To solve the former, a good idea could be an electronic warfare aircraft like the American designed EA-6Bs Prowler or F-18Gs Growler. Those aircraft are specialized in what is called “suppression of enemy air defences”. This mission involves using firing a lot of ARM missiles against enemy radars while at the same time using active countermeasures to jam the same radars. While the title “electronic countermeasures” seems pretty complex the process is in reality straight-forward. They are just transmitters that generates a lot of signals on the same frequency of the radar and fill the radar screen with a mass of return signals to the point that both the operators and the computers cannot differentiate between real radar returns and false echoes. In practical terms the radar screen become like a TV screen when the signal is not received. Countermeasures and missiles will take care of the Type 45 radar and missiles system and allow the stealth platform to finally turn on its radar without fear and engage the destroyer.
It sounds very effective but these platforms are not stealthy. Once they turn on their own countermeasures the Destroyers will know that an attack is about to happen.
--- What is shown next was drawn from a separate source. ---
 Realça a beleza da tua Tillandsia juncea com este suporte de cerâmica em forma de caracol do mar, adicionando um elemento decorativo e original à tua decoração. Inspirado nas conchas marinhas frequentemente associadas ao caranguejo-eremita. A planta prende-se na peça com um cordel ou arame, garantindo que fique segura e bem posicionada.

Also ARM missiles have a shorter range than the ASTER 30 of the Type 45. Finally the Sampson radar of the Type 45 is designed to see through the enemy jamming. Of course if employed in sufficient numbers the electronic warfare aircraft will possibly overwhelm the Daring, but they will take losses in the process (especially older planes). Such an attack will require considerable resources.
The whole point behind stealth aircraft is that they save resources over conventional aircraft. If we deploy a full group of electronic warfare aircraft to support our stealth strike aircraft where would the difference be? It would be a conventional, resource intensive, strike but not a stealthy one. And electronic warfare aircraft are not cheap.
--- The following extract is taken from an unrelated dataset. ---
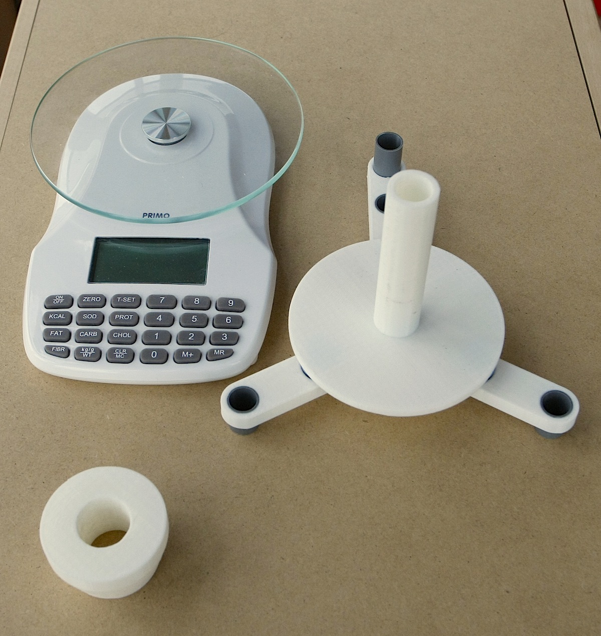 Support bobine très largement inspiré d'un modèle populaire vu sur Thingiverse et adapté à une balance électronique.

Maybe it is better to help the stealth to find its target without having to use active sensors; maybe at long range and provide the strike plane will all the data needed for a missile attack. In this case supporting the stealth attacker with a Maritime Patrol Aircraft (MPA) equipped with a powerful surface search radar could be the solution. The patrol aircraft will be tasked to find the Type 45 and then transmit the data to our stealth strike platform. This MPA will use its radar and emit signals.
The biggest advantage of this approach is the possibility of using longer range anti-ship missiles. With no need to close range and use its active sensor, the stealth aircraft will operate outside the engagement envelope of the Type 45. The target acquisition aircraft will use its own dedicated sensors to acquire the Type 45 while the stealth strike aircraft will lurk at the maximum range waiting for the opportunity to launch its missiles.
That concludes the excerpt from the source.